Jonas nodded. "Yes, thank you, I do," he replied slowly.
It was his first lie to his parents.



Reflections
After reading this extract, I really felt a mixture of emotions--pity, shock and much more, but the most I felt was pity. I was really moved. We often take our parents' love for granted, thinking that it is natural and that we deserve it, in some way. In The Giver, however, the children do not receive love from their parents. Instead, they receive things like recognition, pride, even enjoyment; anything, but love.

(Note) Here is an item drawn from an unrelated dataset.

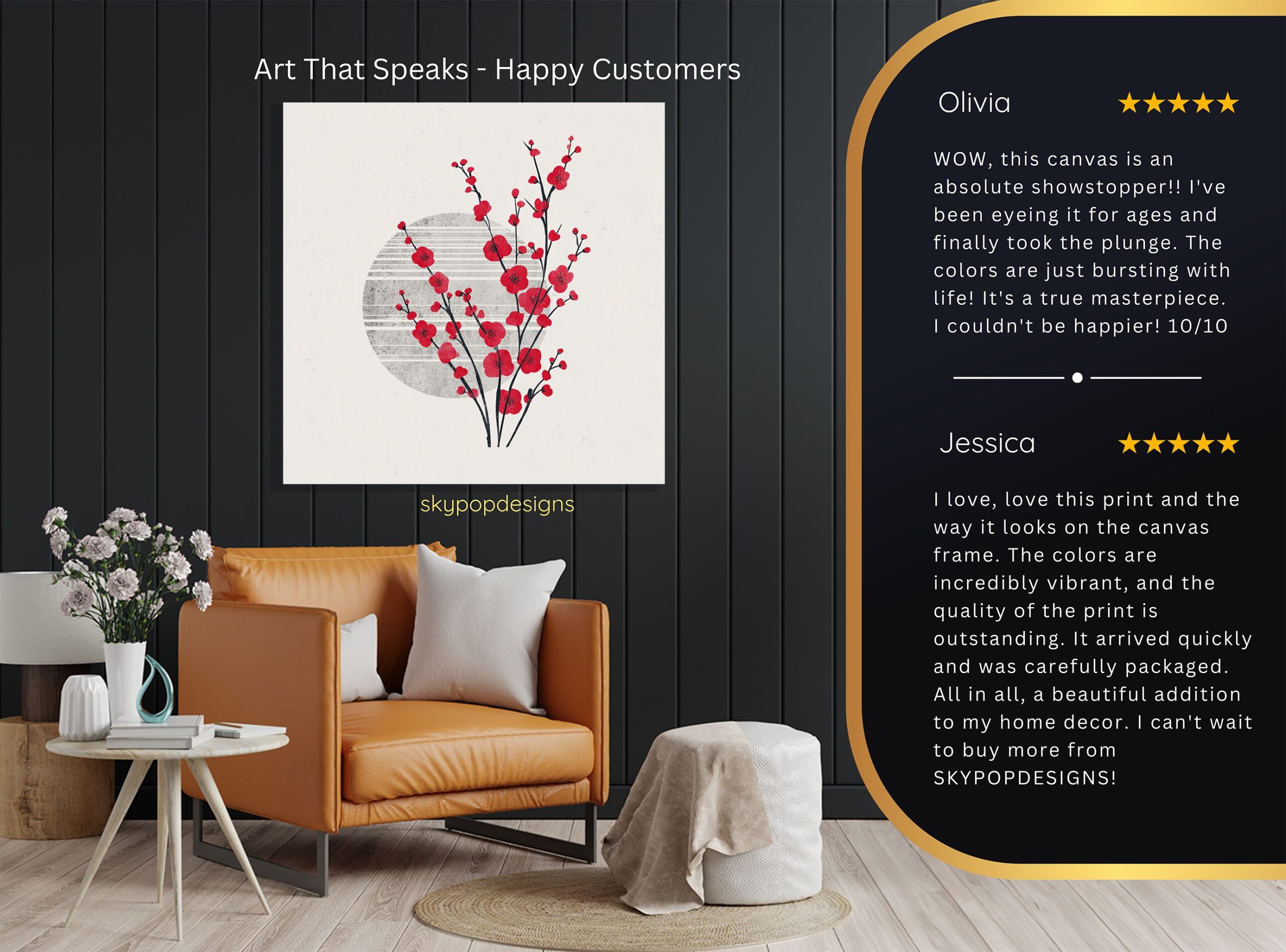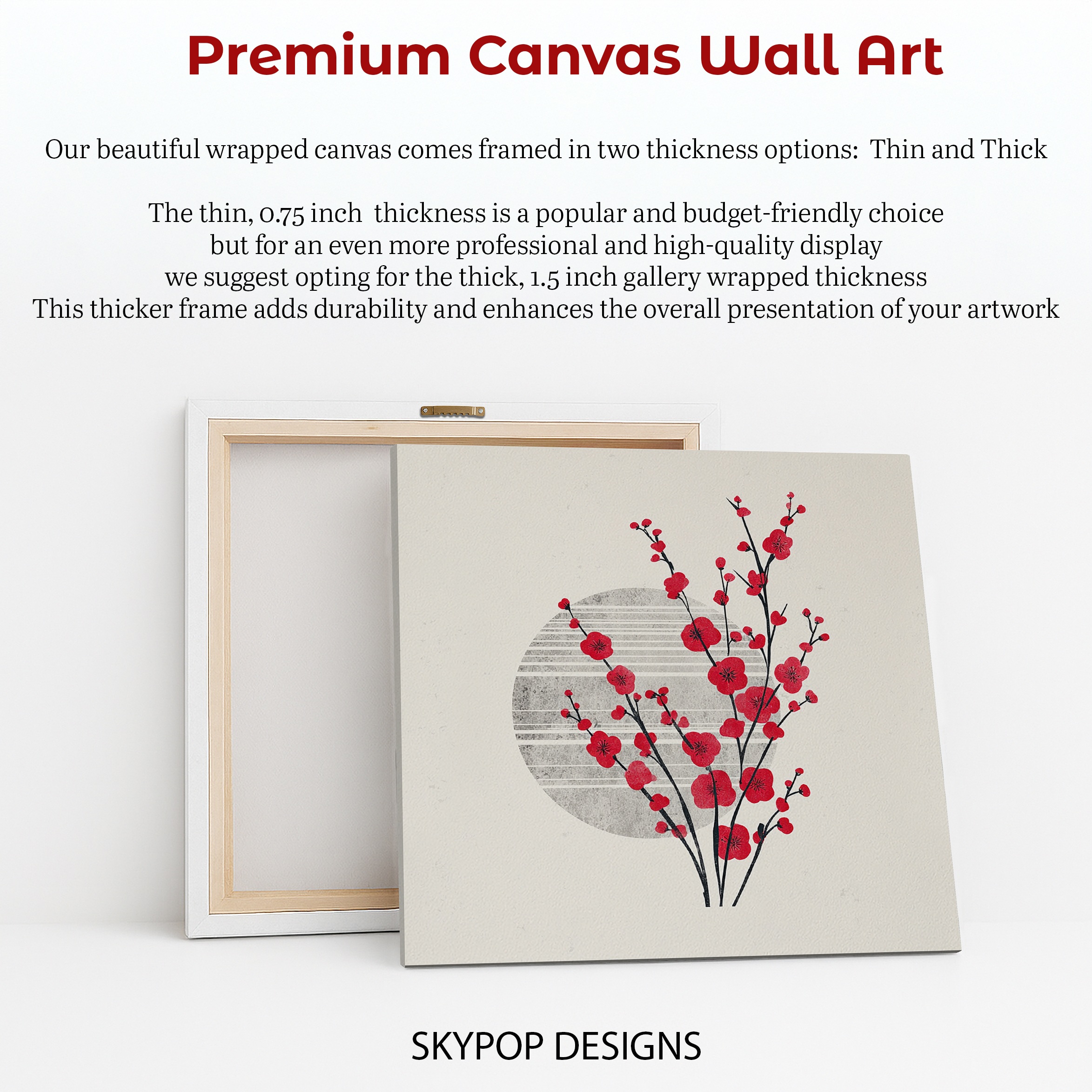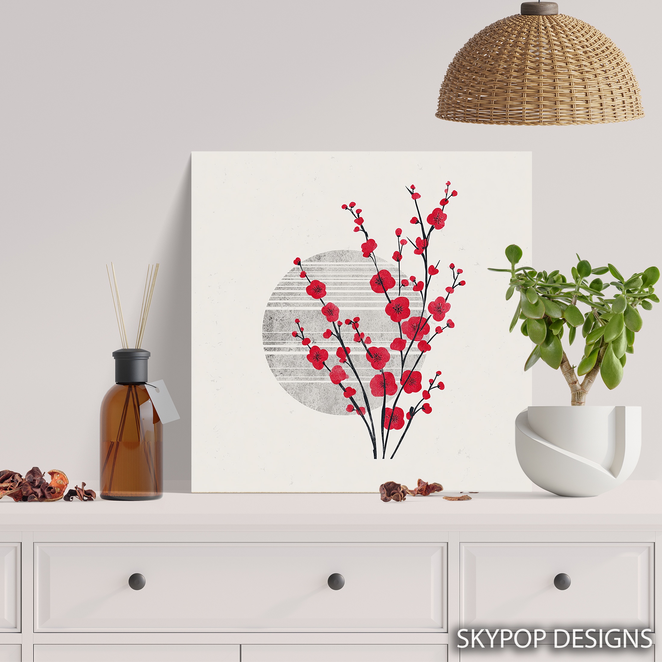 Transform your space with this striking cherry blossom canvas wall art, featuring delicate red blooms against a minimalist grey moon backdrop. This contemporary poster seamlessly blends Asian-inspired elements with modern design, creating a captivating focal point for any room. The vibrant red cherry blossoms pop against the subtle grey tones, infusing your space with energy and serenity. Perfect for enhancing living rooms, bedrooms, offices, or dining areas, this versatile wall art adapts to various decor styles. The minimalist composition evokes a sense of calm and balance, ideal for creating a zen-like atmosphere in your home or workspace. This canvas art serves as an excellent conversation starter and makes a thoughtful housewarming or holiday gift. The high-quality printing captures every intricate detail of the blossoms and the moon’s textured surface. Whether you’re looking to add a touch of nature to your urban space or create a peaceful retreat, this cherry blossom art delivers both style and tranquility. Available in various sizes, it’s easy to find the perfect fit for your wall. Elevate your interior design with this elegant blend of Eastern and Western aesthetics. Bring the beauty of cherry blossoms into your home and create a serene oasis with this stunning wall art today.

Afte reading this I not only felt sorry for Jonas, but also for people like Asher and Fiona as well. This way of living in a world devoid of any feelings like love was extremely cruel, not only toward the children, but also toward the parents. From this I deduced that the parents the children were living with were actually not their real parents. Even if they were, however, there was a strong sense of distance. Homes were referred to as "family dwellings" in the Giver, and words like love were considered as inappropriate, or vague. The most heart-wrenching part about this entire thing was that Jonas and the Giver were the only people who were exposed and actually knew love. The community might have been under the impression that upon removing things like familial and parental love, forcing people to have sameness would keep the people safe, and everyone would live in peace; but they were wrong in removing such things, as that only made the people live in ignorance their whole lives, about the power of familial love.
The people in the community just felt it was a way of life, and felt that the absence of love was not really a big deal.
After reading this extract, I felt a large surge of appreciation toward my family and parents, especially. Our world may not be as peaceful, controlled or as safe as the world portrayed in the Giver, but at least we have things like snow, colour, laughter and music, which are actually part of our lives without us knowing it. Therefore, from this extract I learned and understood a lot, and that's why I chose to post it on my blog.
I hope my readers will enjoy the extract or book as much as I have, appreciate our world, and feel thankful that it is not the so-called Utopia portrayed in the Giver, as the more people try to construct their own Utopia, the more dis-Utopian it turns out to be.